Hi,
I’m modifying the DQN tutorial code for another task.
At the end of an episode, I need to be able to adjust all the rewards for the episode in the ReplayMemory while keeping the other elements of the namedtuple as they are.
For example, if I have the following code:
from collections import namedtuple
import torch
Transition = namedtuple('Transition',
('state', 'action', 'next_state', 'reward'))
reward1 = torch.tensor([2.0], dtype=torch.float32)

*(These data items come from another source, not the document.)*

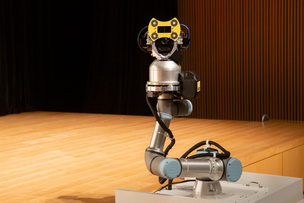 もともと2台のロボットの送受信の光軸は合わされているので左のロボットに正常に送信され、左のロボットが受け取った映像はステージの後ろのスクリーンに表示される。
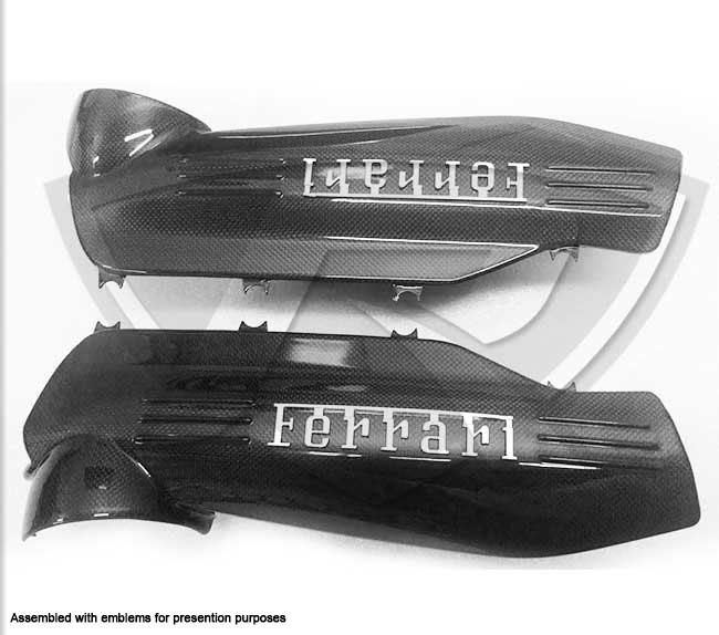 THIS IS AN AFTERMARKET CARBON FIBER PART. Included are two (2) FERRARI OEM N 220354 (or 220355 or 266777 or 266499)
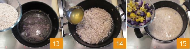In the same saucepan, pour in the rice 13 and let it toast for a few minutes, stirring continuously. When it's ready, moisten it with the hot broth 14 and cook by stirring from time to time; adjust salt and pepper to taste. A couple of minutes before the end of cooking, add the florets 15
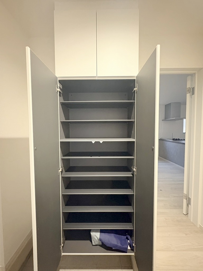 靴が沢山ある方には嬉しいシューズクローク。ベビーカーやゴルフバッグなども置けそうなスペースに
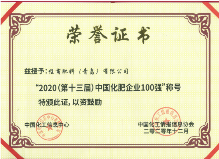 12月18日,由中国化工信息中心与中国化工情报信息协会主办的“2020第十三届中国化肥百强评选发布暨中国化肥产业可持续发展高峰论坛”上,碱业发展住商肥料获得“2020中国肥料企业100强”荣誉称号。
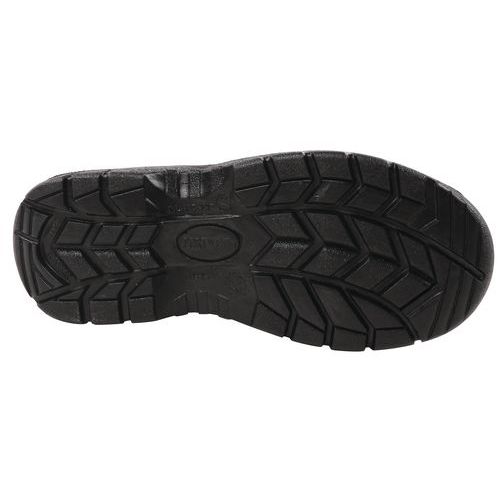 Lo scarponcino combina la protezione totale S3 con il composito 100% privo di metallo. Leggero con suola in PU/gomma resistente allo scivolamento e tallone con assorbimento di energia.
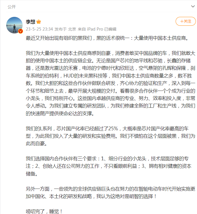 李想表示,最近又开始出现有组织的黑我们,黑的话术很统一:大量使用中国本土供应商。
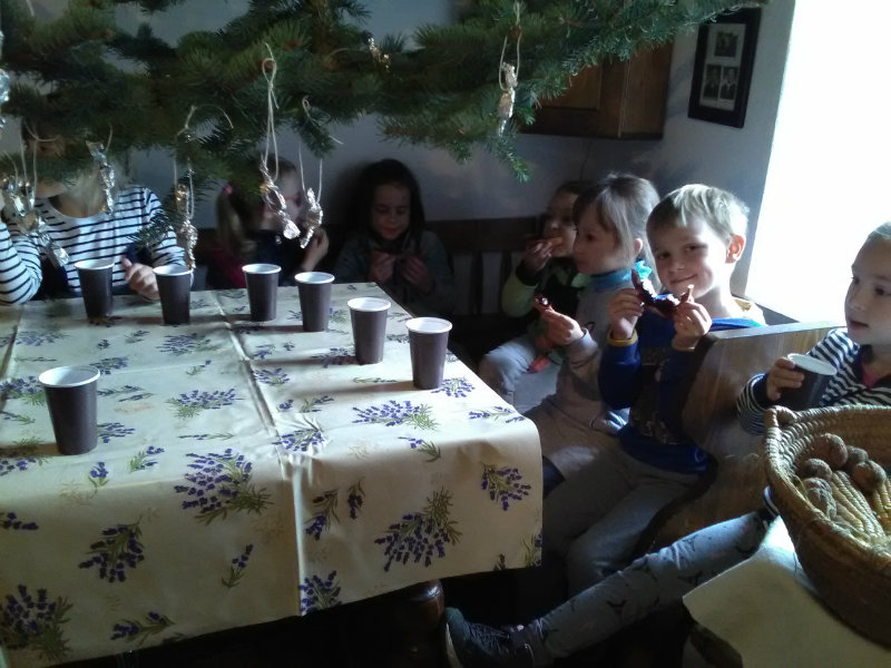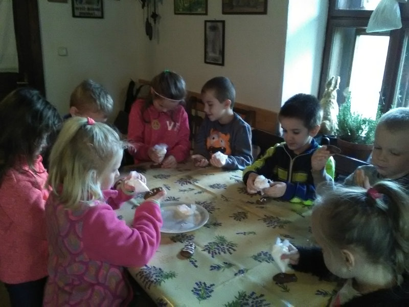 V pondelok, 26.novembra sme si my, predškoláci, urobili výlet s pani učiteľkami Soničkou, Milkou a Olinkou na Gazdovský dvor. Tu nám tety ukázali starodávne predvianočné i vianočné zvyky, samy sme si vyrobili salónky, pochutili na medovníčkoch, lekvárovom chlebíku a čajíku. Bolo nám vynikajúco.
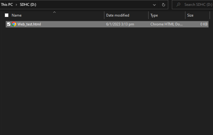 Using a card reader, connect the SD card to a computer and copy the HTML file into the SD card. Take note to place the file in the root directory and not in any folder. The HTML sample file can be downloaded at https://github.com/ambiot/ambpro2_arduino/tree/dev/Ameba_misc/Example_Samples/Web_test.html.
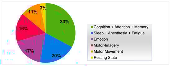 The selected articles were classified into the following six categories: (1) cognitive functions; (2) sleep, anesthesia, and fatigue; (3) emotion; (4) motor imagery (MI); (5) motor movement; and (6) resting state.
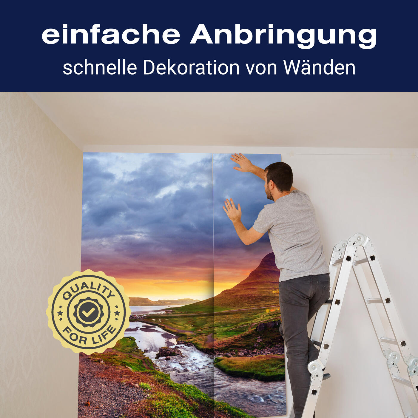 Unsere Fototapeten sind so konzipiert, dass sie ohne großen Aufwand angebracht werden können. Ob selbstklebend oder traditionell, die Anbringung ist einfach und schnell.
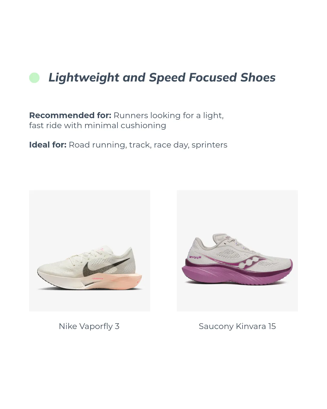 Lightweight shoes like the Nike Vaporfly or Saucony Kinvara are designed for quick turnover and minimal ground contact. Ideal for runners with forefoot or midfoot strike looking for performance on race day or track workouts.
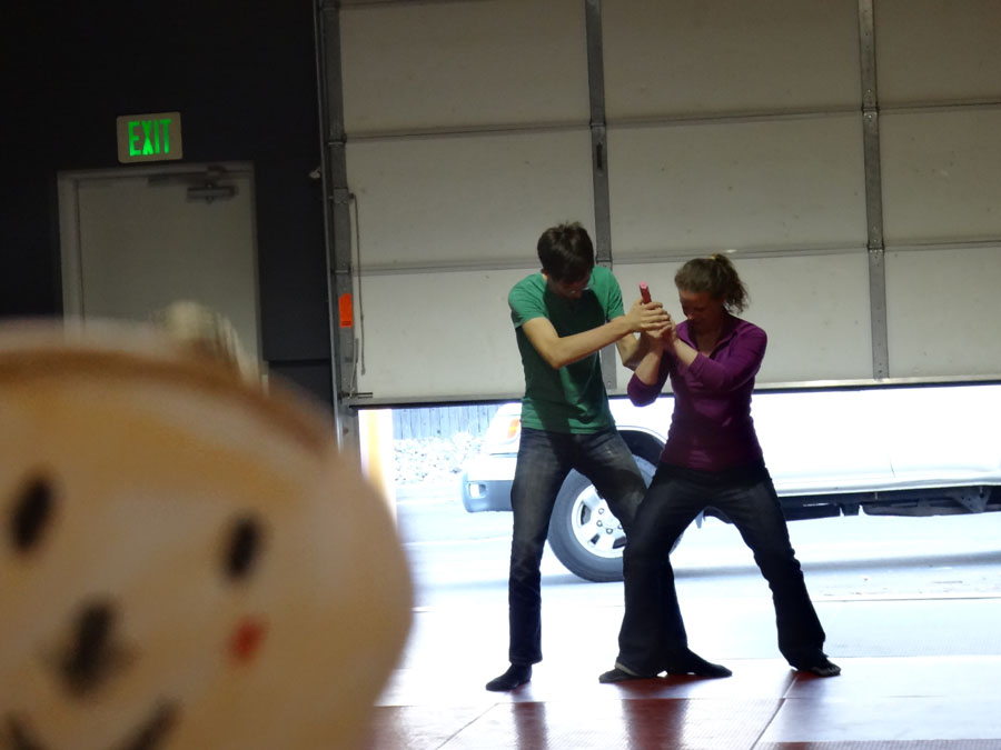 The class got to request a topic for today - they asked about car jackings. Here we are in back of the dojo with Diana's car.
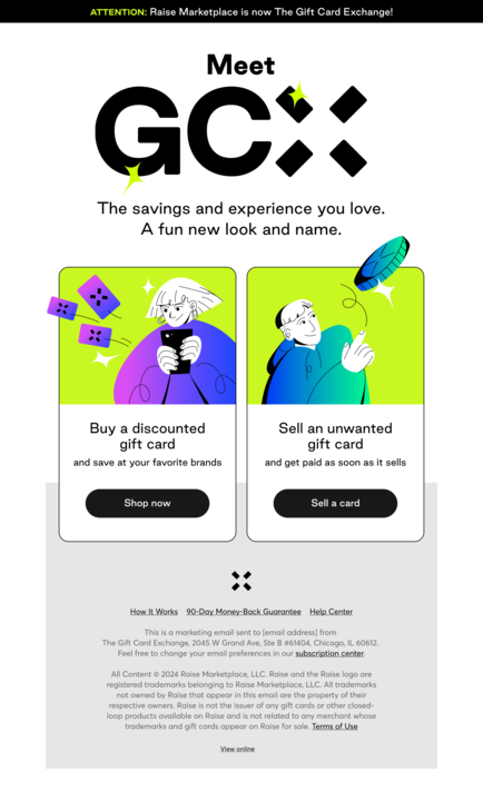 Raise Marketplace is now The Gift Card Exchange! It's still the same savings and experience but with a new fun name and look.
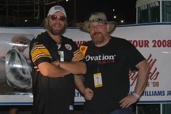 Joined: July 2003 Posts: 3111 Location: Nashville TN. | Well it came and went and was great!!!!!! It was the biggest event I have ever played at. Seeing my name on the T-shirts and being asked the autograph the shirts, was an amazing expirence. Here some Photos!! Marion County Country Music Fest Poster http://i219.photobucket.com/albums/cc285/pezcleo/CEC_radio_poster.j... PEZ Takes the "B" Stage at 215pm on June 13th http://i219.photobucket.com/albums/cc285/pezcleo/pezmccmf2.jpg It was brutally hot and humid, http://i219.photobucket.com/albums/cc285/pezcleo/pezmccmf3.jpg My set included orginals Pinup, Road to Hell, The Luither Song, & Jehad THIS! http://i219.photobucket.com/albums/cc285/pezcleo/pezmcmf1.jpg The Ovation Thunderbolt Served me well!!! My Ole Buddy Mark Barrett takes the stage as Sister Moon at 1245pm on June 13th http://i219.photobucket.com/albums/cc285/pezcleo/sistermoonshine.jp... I did a voice promo for WWQQ on June 12th http://i219.photobucket.com/albums/cc285/pezcleo/wwqq.jpg The "B" stage had a live webcast. http://i219.photobucket.com/albums/cc285/pezcleo/goinglivetv.jpg I was told 14,000 computers on 5 continents were recieving the live stream my performace on June 13. The man from Goinglive.tv said that likily means 18,000 to 20,000 people saw my set via the internet. About a thousand saw it on site live along the pavillion. The "A" Stage being set http://i219.photobucket.com/albums/cc285/pezcleo/astage.jpg I stayed in the "Star Suite" LOL http://i219.photobucket.com/albums/cc285/pezcleo/starsuite.jpg with Hank Jr http://i219.photobucket.com/albums/cc285/pezcleo/photo-full.jpg What can ya say your with a legend He played @ 10pm June 13th Gretchen Wilson was a down to Earth dynamite lady http://i219.photobucket.com/albums/cc285/pezcleo/GWPEZ1.jpg She sincerly wished good luck at my performance. She played June 12th at 10pm Phill Stacey was great guy!! http://i219.photobucket.com/albums/cc285/pezcleo/GWPEZ1.jpg Note he sleave he had changed his clothes 15 minutes before and was starting to sweat through. He played at 630pm on June 14th I also had a photo with Sugerland but I don't have it yet. Man I could used to livin like this. 3 days of being A Star was an amazing feeling. Oh well its back to being no one in Hartford. Press about this event Carolina Entertainment Complex prepares for country music fest http://www.scnow.com/scp/news/local/pee_dee/article/carolina_entert... Country greats to play Pee Dee http://www.scnow.com/scp/entertainment/eight_days_a_week/article/co... Marion Country MusicFest to feature music, amusements http://www.scnow.com/scp/entertainment/eight_days_a_week/article/ma... Stars Align at Country Music Festivals http://www.countryhound.com/Articles/1921/Stars-Align-at-Country-Mu... Otto bringing ‘country soul’ to the Marion County Country Music Fest http://www.scnow.com/scp/news/local/article/otto_bringing_country_s... South 85 Releases Debut Album 'El Camino' http://top40-charts.com/news/Country/South-85-Releases-Debut-Album-... Country singer Ashton Shepherd talks about her meteoric rise http://www.scnow.com/scp/entertainment/eight_days_a_week/article/co... | ||
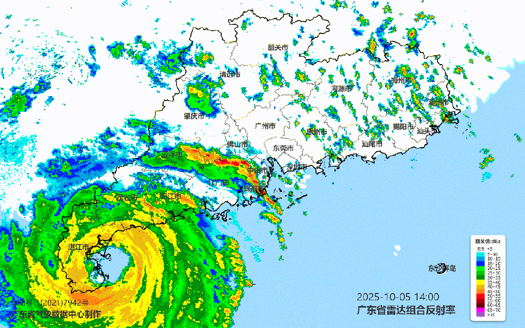今年第21号台风“麦德姆”的中心已于5日14时50分前后在广东省湛江市徐闻县东部沿海登陆,登陆时中心附近最大风力14级(42米/秒,强台风级)。(10月5日14时20分卫星云图)
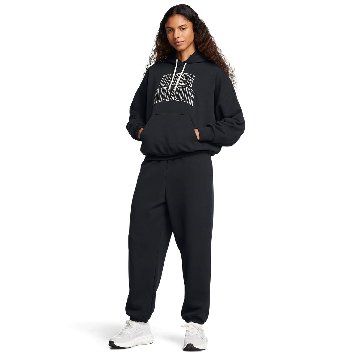 Discover the Under Armour top, featuring a hooded neck and long sleeves with a drop shoulder design. This solid pattern piece offers an oversized fit, complemented by ribbed cuffs for added comfort and style. -
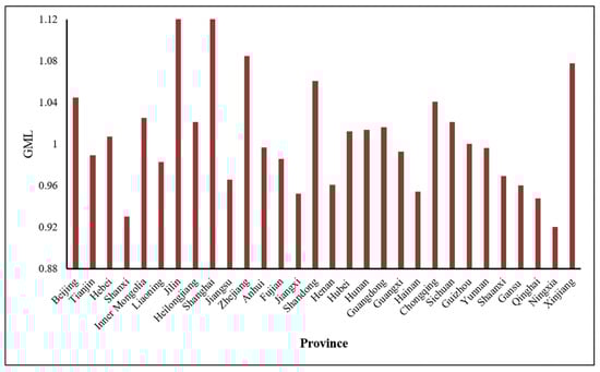The analysis reveals that the GML index of GTFP in 30 provincial administrative regions across the country exhibited fluctuations during the period from 2018 to 2022. As illustrated in Figure 4, the national average GML index is 0.98, reflecting a slight downward trend in the dynamic GTFP of transportation over the study period. This is due to the significant impact of the outbreak of the epidemic on the transportation industry at the end of 2019 [51]. In particular, the implementation of traffic control measures, coupled with a slowdown in economic activity, led to a substantial reduction in both freight and passenger demand. This, in turn, directly affected transportation demand and efficiency, thereby influencing the technological advancement and technical efficiency within the transportation system. In comparison, there is generally significant growth in 2022 due to the relaxation of traffic control measures, a gradual recovery in economic activity, and a rejuvenation of the transportation industry.

reward2 = torch.tensor([4.0], dtype=torch.float32)
memory = []
memory.append(None)
memory[0] = Transition('275', '54000', '0.0', reward1)
memory.append(None)
memory[1] = Transition('275', '54000', '0.0', reward2)
memory
I create the following memory:
[Transition(state='275', action='54000', next_state='0.0', reward=tensor([2.])),
Transition(state='275', action='54000', next_state='0.0', reward=tensor([4.]))]
Then I create my batch:
batch = Transition(*zip(*memory))
batch
which looks like this:
Transition(state=('275', '275'), action=('54000', '54000'), next_state=('0.0', '0.0'), reward=(tensor([2.]), tensor([4.])))
And from here, I can extract just the reward batch
reward_batch = torch.cat(batch.reward)
reward_batch
which looks like this:
tensor([2., 4.])
I can now adjust the rewards, e.g. like this:
adjustment = 5.0
reward_batch += adjustment
reward_batch
>>>tensor([7., 9.])
So, my questions is: how do I re-insert the adjusted reward_batch back into the namedtuple of the ReplayMemory so that it will look like this:
[Transition(state='275', action='54000', next_state='0.0', reward=tensor([7.])),
Transition(state='275', action='54000', next_state='0.0', reward=tensor([9.]))]
Thank you in advance for any help.